Questioning validity

Any joint degree agreement between an Indian institute (not a university) and international university violates of UGC Act 1956, UGC’s Foreign Educational Institution Regulations 2012 and Assocation of Indian Universities provisions to collaborate with foreign universities and grant degrees. Section 22 (1) of UGC Act of 1956 states that degrees can only be awarded by a university established under a Central act, a state act or an institution deemed to be a university under section 3 or an institution especially empowered by an Act of Parliament.

“These institutes (mentioned above) are not universities. Their collaboration with an international institute is in violation of UGC’s Foreign Educational Institution Regulations 2012 which makes it mandatory for any institute to affiliate with a university, have NAAC (National Assessment and Accreditation Council) accreditation and get MoUs signed with foreign institutions approved by UGC. Under whose permission have universities like NTU and Lancaster entered India?”asks a senior UGC official. When asked about the process of acquiring an equivalence certificate for a degree awarded by a foreign university, Prof Furqan Qamar, secretary general, AIU says one of the conditions is that the “student should have pursued the programme of the study full time as a regular student on the campus of the foreign university.” Students of many of these private Indian institutes were not full-time, regular students on the campus of the foreign university, “AIU shall not be able to accord equivalence to such qualifications,” says Prof Qamar.

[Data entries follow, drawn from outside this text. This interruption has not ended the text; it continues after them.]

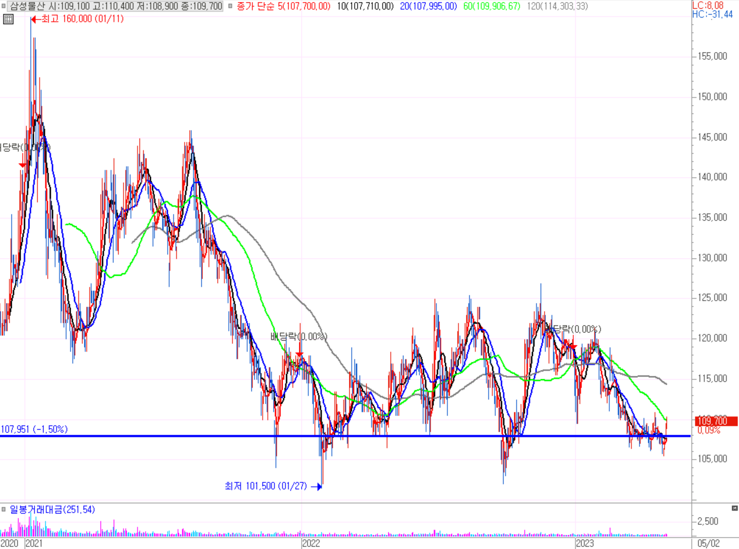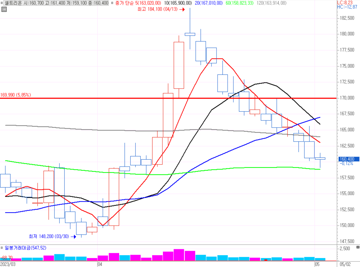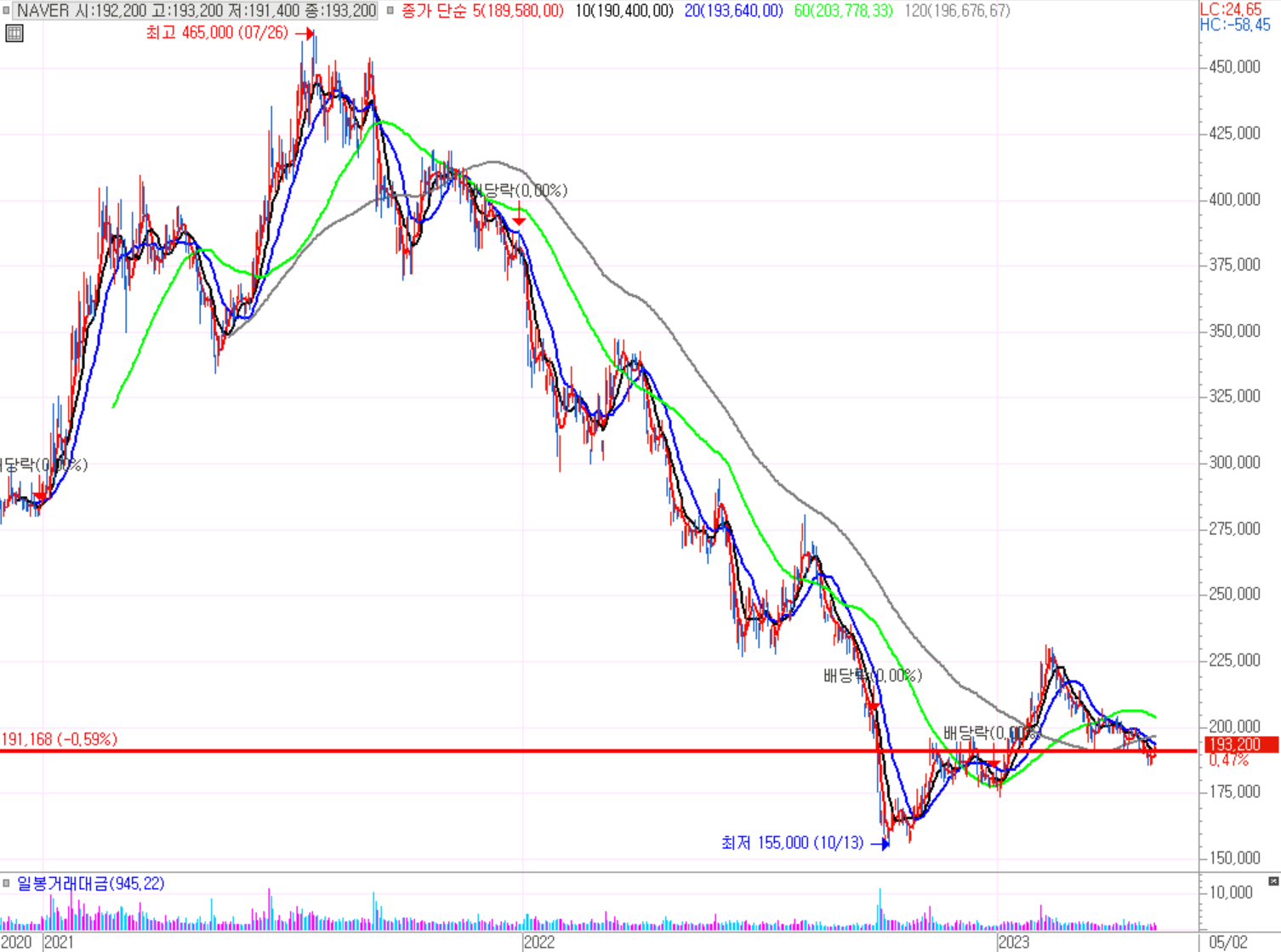 기준일(4월25일) 대비하여 지속적으로 하락중이다. 저점에서 횡보를 지속적으로 하는 모습이다. 14만6천원 ~ 18만원선안에서 횡보를 하고 있다. 16만원 지지선을 뚫고 내려가면 14만 6천원에서 저점 매수자리가 보인다. 오래 지켜봐야겠다.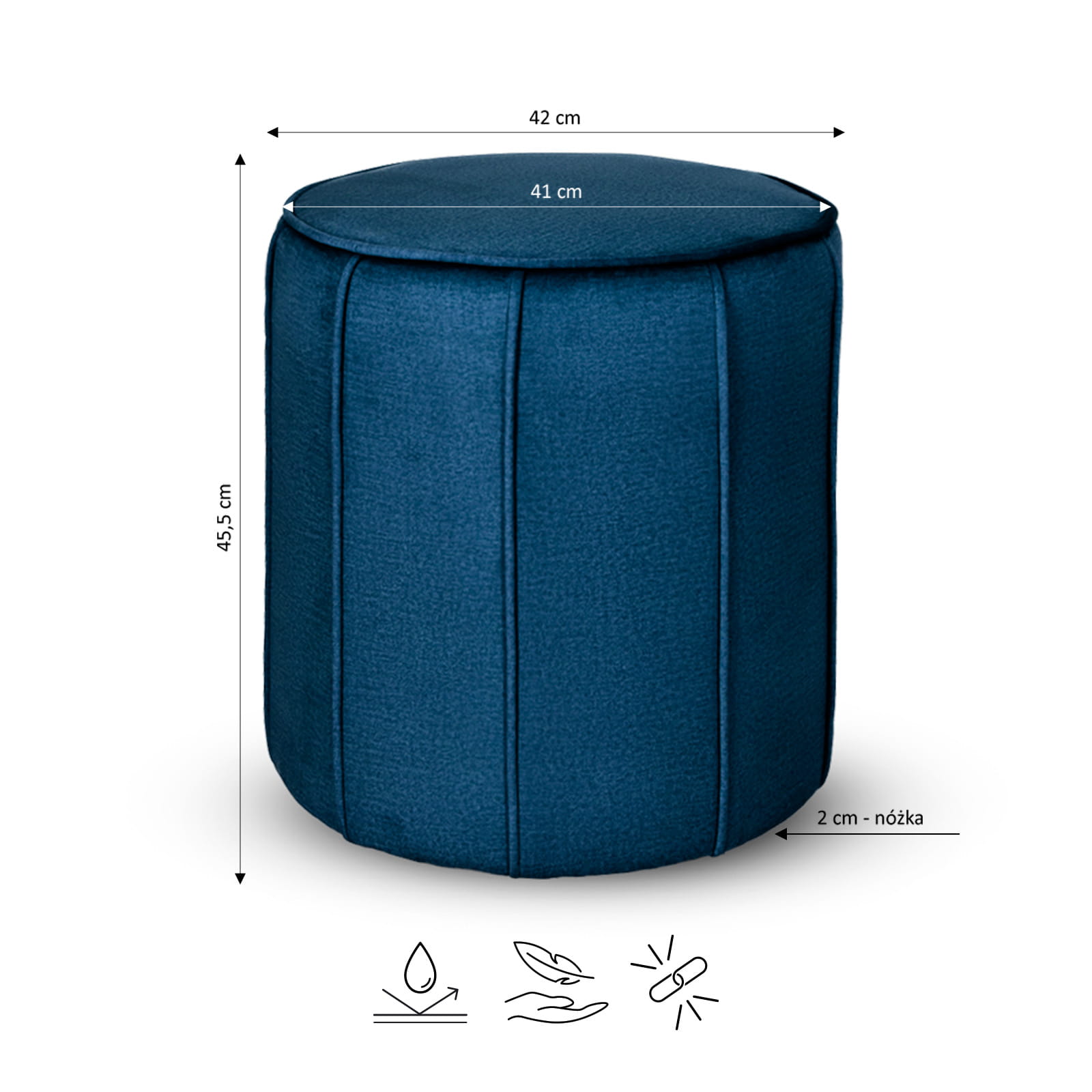 Okrągła pufa z przeszyciami LIVIA w kolorze granatowym – siedzisko z tkaniny welurowej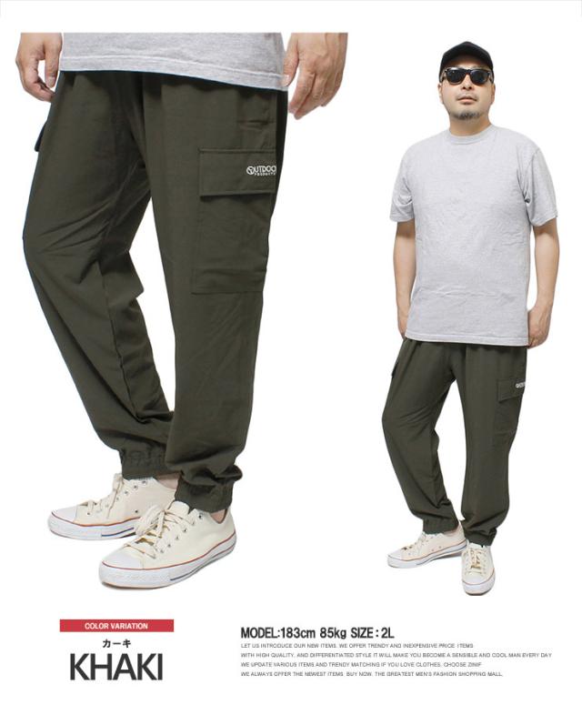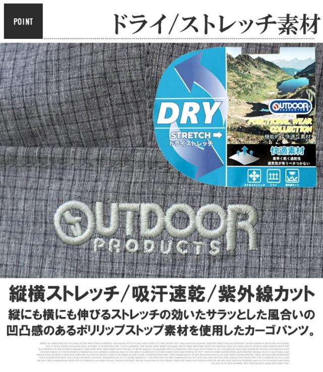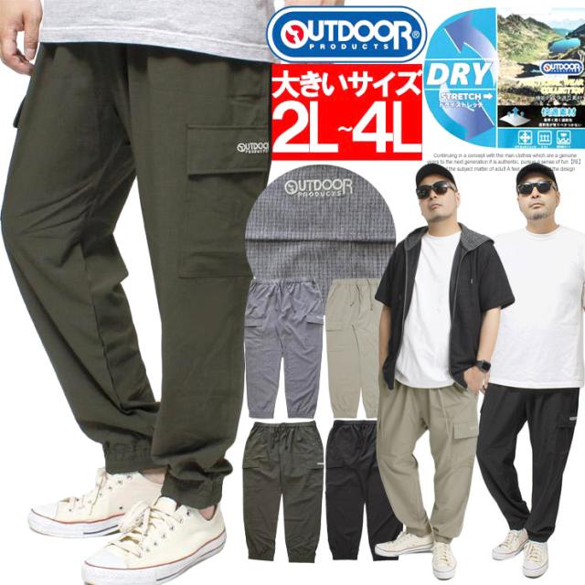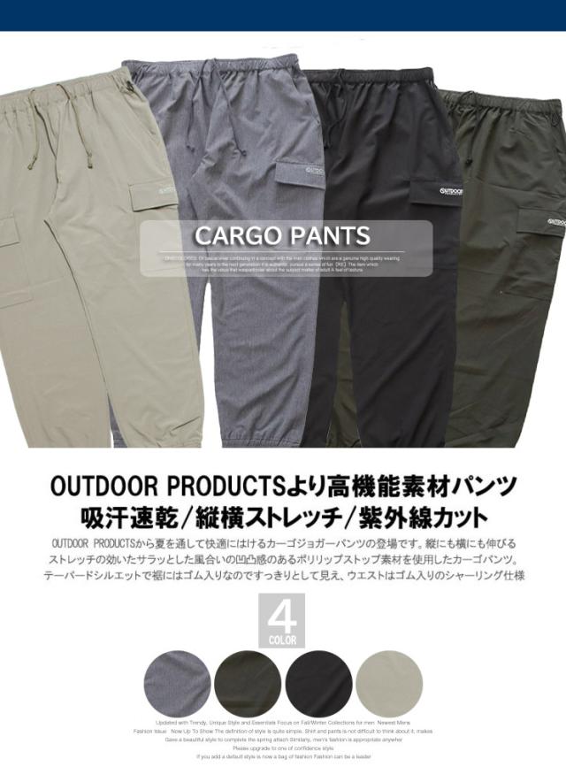 送料無料 OUTDOOR PRODUCTS(アウトドアプロダクツ) カーゴパンツ メンズ 大きいサイズ ポリリップ ストレッチ ドライ 紫外線カット ジョガーパンツ 伸縮 ウエストゴム 薄手 イージーパンツ ワークパンツ ワイドパンツ キャンプ スポーツ レジャー ワークマンプラス

Degrees granted for technical education would only be valid if “the institute (in question) collaborating with the foreign university is affiliated to an Indian university. Tripartite MoUs signed among three parties – the institute, the university it’s affiliated to and the foreign university – should have the AICTE’s nod,” says Avinash Pant, chairman (officiating), AICTE.

‘Pearl a leading institute’

When asked about the provision under which Pearl Academy was granting joint degrees to the students in India, Sharad Mehra, chief executive officer, agrees that as far as validity is concerned the Pearl-Nottingham Trent University degree is not valid under the present regulatory framework for granting degrees in India. However, he says, “Pearl Academy strives to be amongst the leading global institutes in design, fashion and creative business education through continuous innovation, high quality standards and delightful experience to students, employees and industry partners. With a focus on student outcomes we have for the last 22 years trained over 6,000 students to become productive members of society.”

The institute, Mehra says, has, “From 1993, developed our quality systems in accordance with the requirements of the British Quality Assurance Agency (QAA) and our Academic Standards and Quality Control team works across all campuses to ensure that.”

Mehra adds that every course undergoes a rigorous curriculum approval process which engages industry, faculty, alumni and current students.